--- What you are asked to do ---
Pictures do not belong in the copy. Write out exactly the lines from the one containing "Coeficientul infectărilor cumulate" through the end of the data.

[Records from a data collection]

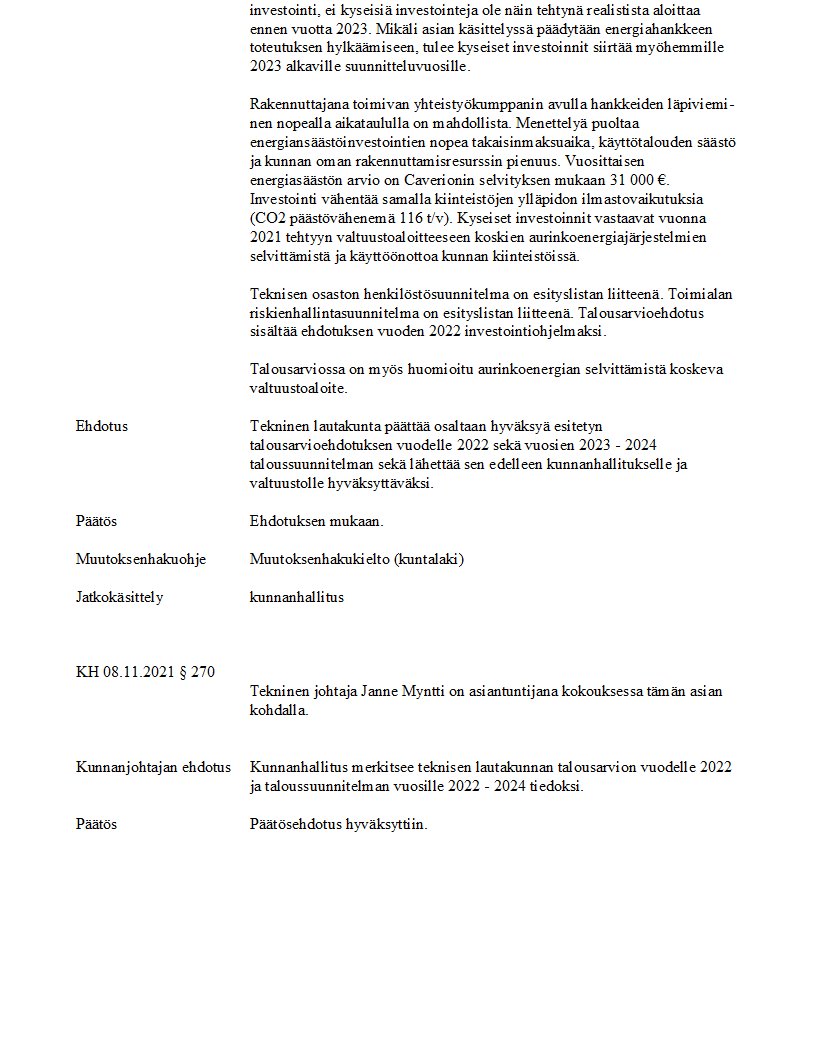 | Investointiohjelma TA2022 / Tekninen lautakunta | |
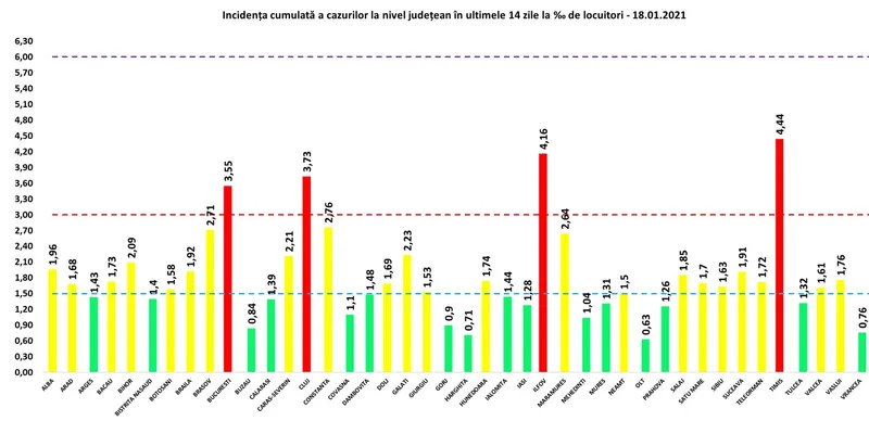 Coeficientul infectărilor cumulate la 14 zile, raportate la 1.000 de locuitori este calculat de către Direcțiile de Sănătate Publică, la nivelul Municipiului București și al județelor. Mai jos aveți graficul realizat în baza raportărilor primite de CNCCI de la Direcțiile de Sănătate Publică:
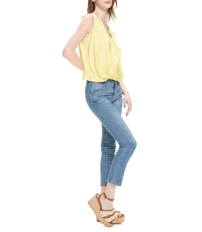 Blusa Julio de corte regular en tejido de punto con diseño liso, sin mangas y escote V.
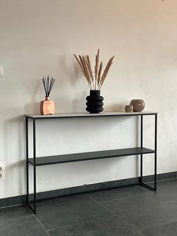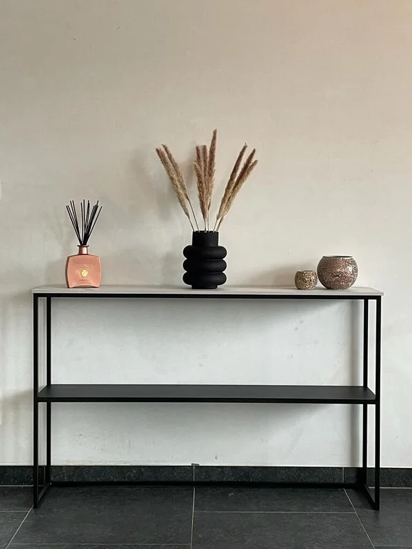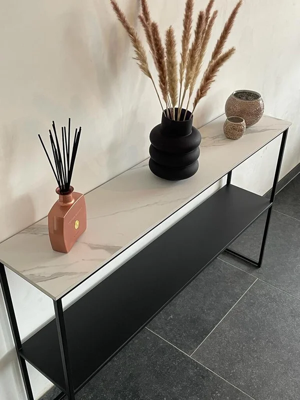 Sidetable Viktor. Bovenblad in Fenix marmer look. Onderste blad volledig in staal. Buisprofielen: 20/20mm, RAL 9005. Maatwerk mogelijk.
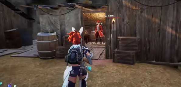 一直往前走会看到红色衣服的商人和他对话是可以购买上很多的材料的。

--- Your response ---
 Coeficientul infectărilor cumulate la 14 zile, raportate la 1.000 de locuitori este calculat de către Direcțiile de Sănătate Publică, la nivelul Municipiului București și al județelor. Mai jos aveți graficul realizat în baza raportărilor primite de CNCCI de la Direcțiile de Sănătate Publică:
 Blusa Julio de corte regular en tejido de punto con diseño liso, sin mangas y escote V.
 Sidetable Viktor. Bovenblad in Fenix marmer look. Onderste blad volledig in staal. Buisprofielen: 20/20mm, RAL 9005. Maatwerk mogelijk.
 一直往前走会看到红色衣服的商人和他对话是可以购买上很多的材料的。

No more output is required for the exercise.